> **DATASET CONTENT**
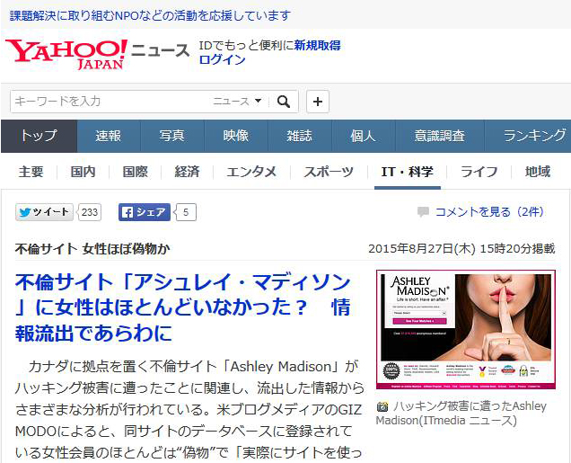 不倫サイト「アシュレイ・マディソン」に女性はほとんどいなかった? 情報流出であらわに 8月27日– 私の人生、私のもの。 新館。
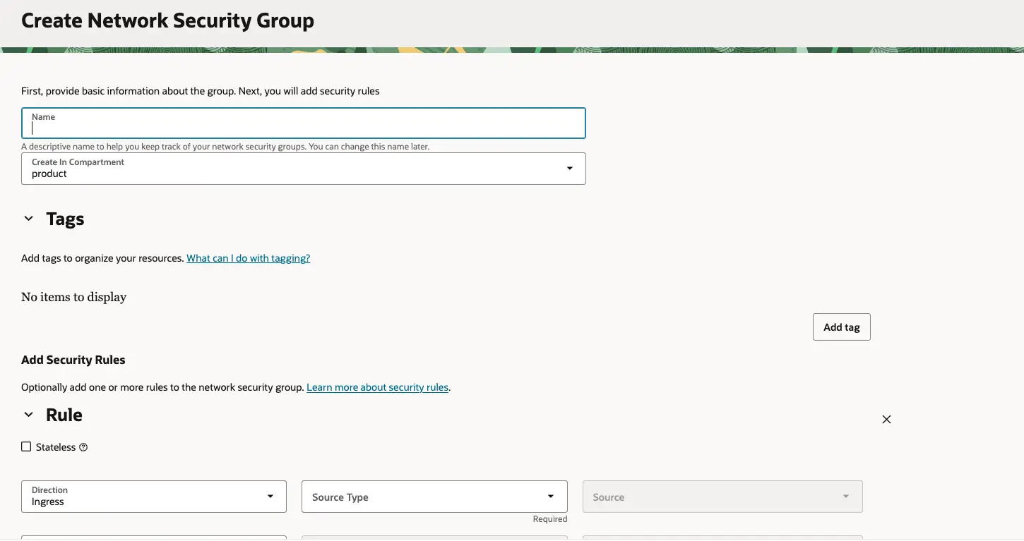 - Create In Compartment : NSG가 속할 Compartment 지정
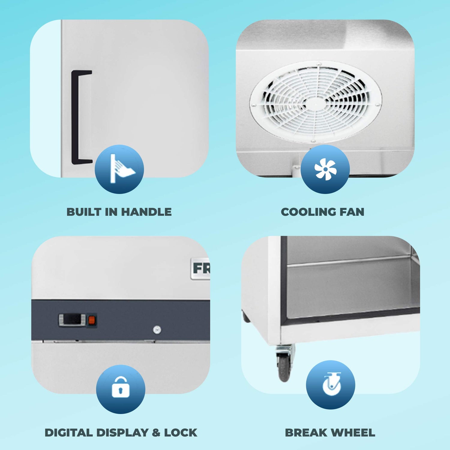 Stylish and Durable Construction: With a sleek silver exterior, four-inch caster wheels for easy mobility, and a robust stainless steel interior and exterior, the Frigos Premium FGP-RF-1D guarantees both style and durability, making it a dependable choice for efficient refrigeration in reach-in fridge.

> **EXERCISE DESCRIPTION**
The copy must begin at the line containing "- Create In" and end at the last line of the data above, with every line retyped exactly and no pictures included.

> **ANSWER AREA**
 - Create In Compartment : NSG가 속할 Compartment 지정
 Stylish and Durable Construction: With a sleek silver exterior, four-inch caster wheels for easy mobility, and a robust stainless steel interior and exterior, the Frigos Premium FGP-RF-1D guarantees both style and durability, making it a dependable choice for efficient refrigeration in reach-in fridge.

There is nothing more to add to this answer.